Simple Tests (Does it work?)

Run FIRST to identify working configurations:

benchmarks/pytorch-simple.sh IMAGE_NAME
benchmarks/llama-simple.sh IMAGE_NAME MODEL_PATH
benchmarks/whisper-simple.sh IMAGE_NAME AUDIO_PATH

Performance Tests (How well does it work?)

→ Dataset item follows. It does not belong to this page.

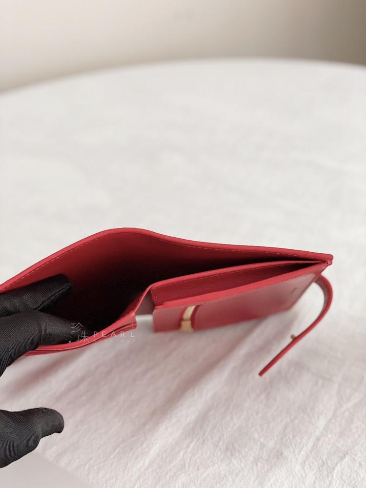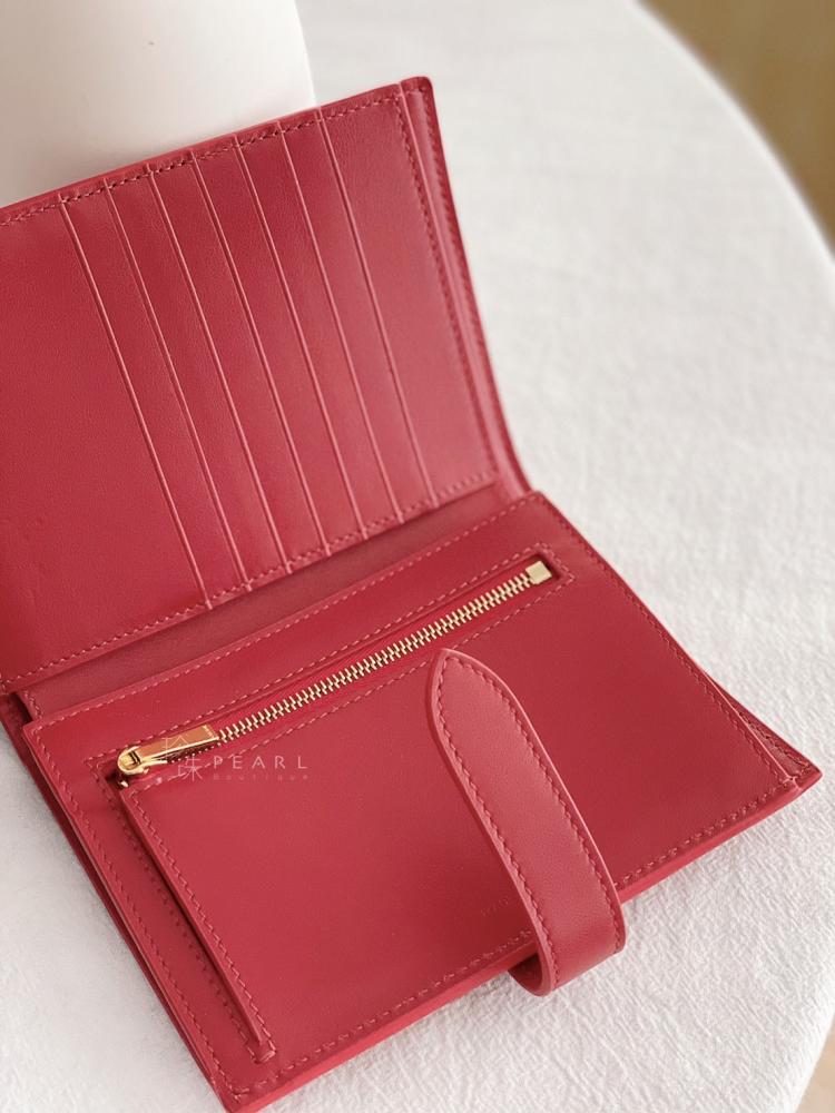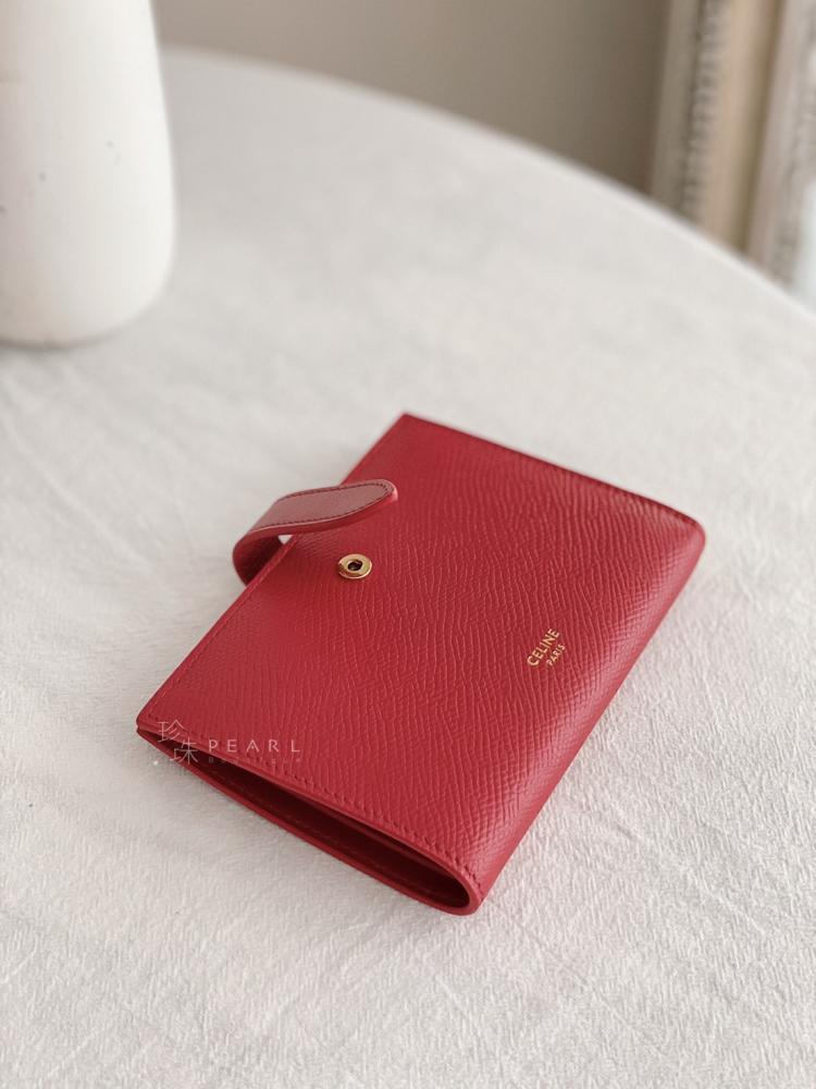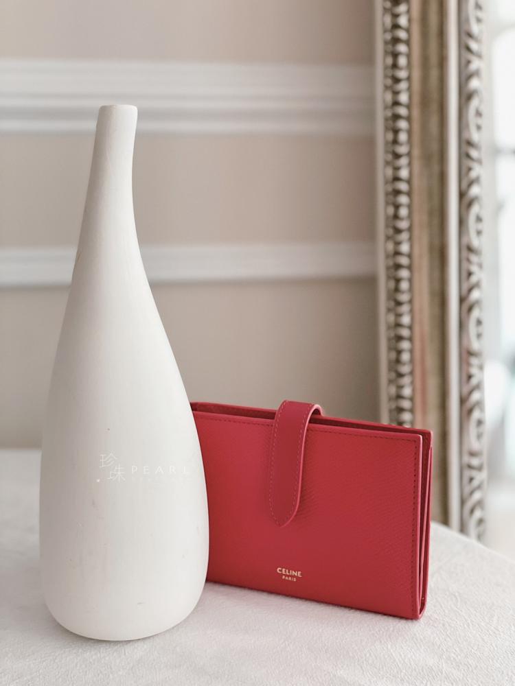 Celine Strap扣式中夾 ✔️胭脂紅✔️尺寸14 X 10.5cm 7個卡夾層 2個扁夾層 1個鈔票夾層 1個拉鍊零錢格 最實用款~推薦給喜歡中長夾的美女唷!

Run SECOND on working configurations:

benchmarks/pytorch-gemm.sh IMAGE_NAME [MATRIX_SIZE] [ITERATIONS]
benchmarks/llama-bench.sh IMAGE_NAME MODEL_PATH
benchmarks/whisper-bench.sh IMAGE_NAME AUDIO_PATH

Extended Tests (Deep analysis)

Run THIRD on promising configurations:

Multiple model sizes
Multiple context lengths
Long-running stress tests
Memory bandwidth profiling

See scripts/ for extended benchmark scripts.

Example Workflow

Testing ROCm Versions

# 1. Create experiment
cp -r experiments/TEMPLATE experiments/2026-01-26_rocm-versions
cd experiments/2026-01-26_rocm-versions

# 2. Record environment
./record-environment.sh > ENVIRONMENT.txt

# 3. Build images (from project root)
cd /home/tc/softab
podman build -t softab:llama-hip-rocm644 -f docker/llama-cpp/Dockerfile.hip-rocm644 .
podman build -t softab:llama-hip-rocm711 -f docker/llama-cpp/Dockerfile.hip-rocm711 .
podman build -t softab:llama-hip-rocm72 -f docker/llama-cpp/Dockerfile.hip-rocm72 .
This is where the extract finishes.